By: Kelsey Leyrer
LOUDON COUNTY, Tenn. (WVLT) — At the Loudon County Emergency Management Agency, Daryl Smith is always looking for new ways to keep his community safe.
Lately, that search has him looking up. Last year, the EMA received a $1,900 drone with grant money from the Department of Energy.
“It has the ability to send real-time images back to the user for governmental search and rescue, hazmat scenes, or fire scenes,” says Smith, the emergency director. “Things of that nature would be very helpful.”
Some agencies across the country are already using them. There’s just one problem. The EMA’s drone can’t leave the ground.

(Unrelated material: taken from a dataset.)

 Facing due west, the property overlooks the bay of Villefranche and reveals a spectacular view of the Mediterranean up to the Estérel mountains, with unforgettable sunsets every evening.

Between the time Loudon County EMA ordered the drone and when they got it, Smith says the Federal Aviation Administration’s rules on drones became stricter.
“In doing so, it put us in a position where there’s no way we can use it,” says Smith.

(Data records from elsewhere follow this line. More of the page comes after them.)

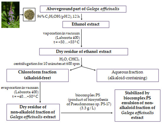 Leaves and stems of Galega officinalis were gathered at the period of flowering. Afterwards, it was dried out on air and fragmented into even pieces. The extract was made by infusion of plant material in 96% ethanol at a ratio of 1:5. Extraction was performed for 12 h at a temperature of 20–23 °C. Subsequently, the ethanol extract was evaporated (in a vacuum at 50–55 °C) using rotary evaporator Laborota 4001 (Heidolph, Schwabach, Germany). The procedure of evaporation was performed until obtaining dense residue extract. The crude extract percentage yield was estimated as 15–17%. To obtaining non-alkaloid fraction of ethanol extract, an equal amount of H2O and CHCl3 was added. The obtained mixture was carefully shacked and then centrifuged (10 min, 600 g). Obtained by such a scheme chloroform part of the ethanol extract was evaporated (in a vacuum at 40–55 °C) until obtaining a solid residue. The chloroform fraction estimated percentage yield was 3.3–5%. For the stabilization of chloroform fraction, biocomplex PS (biosynthesized by Pseudomonas sp. PS-17 surface-active products) was used. To the obtained solid residue of chloroform fraction of Galega officinalis extract, water and biocomplex PS were added at a concentration of 3.3 g/L [18]. All procedures were followed by shaking in Vortex (Biosan, Latvia) (Figure 1).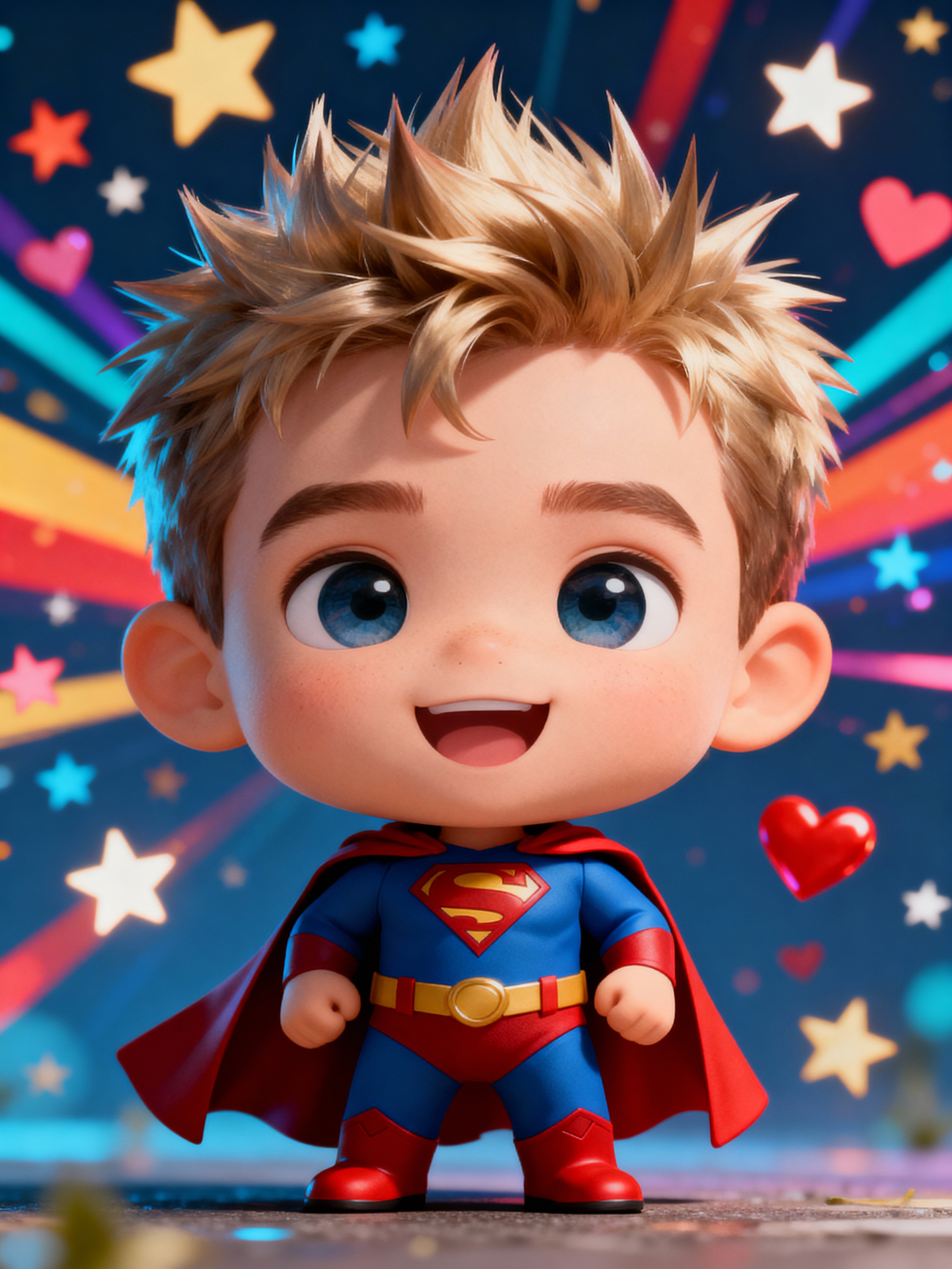 A chibi-style avatar of the model as a cheerful hero, wearing a tiny superhero costume with a cape and spiky hair. The background is a colorful burst of stars and hearts. The style is in cute chibi anime illustration.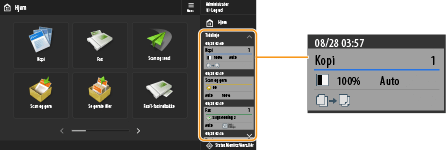 Tidslinjen er praktisk for brugere, der gentagne gange bruger de samme indstillinger og modtagere for en funktion, f.eks. "Kopi" og "Scan og send". Historikken for de indstillinger, der er brugt, føjes automatisk til tidslinjen, og kan anvendes til at genkalde de samme indstillinger.

To fly the drone, Smith says his employees would have to attend pilot ground school. It’s costs a few hundred dollars and it’s luxury his department can’t afford.
“They would be more than willing to donate their time and receive the training, but the funding is the aspect,” he says.
Smith says the FAA would also require him to set up a detailed flight plan every time they used the drone. But, for most emergencies, Smith says that’s not doable.
Even though he’s read the manual cover to cover, for the time being, Smith’s high hopes have been grounded.
“We’re disappointed. I had a lot of hope in this and I thought every emergency agency we have out here from fire, to law enforcement and EMS could benefit from overseeing a scene or searching an area,” he says.
Smith says he hopes to transfer the drone over to a non-government agency in the area, such as a volunteer fire department. He hopes that way it can be used for the purpose he imagined.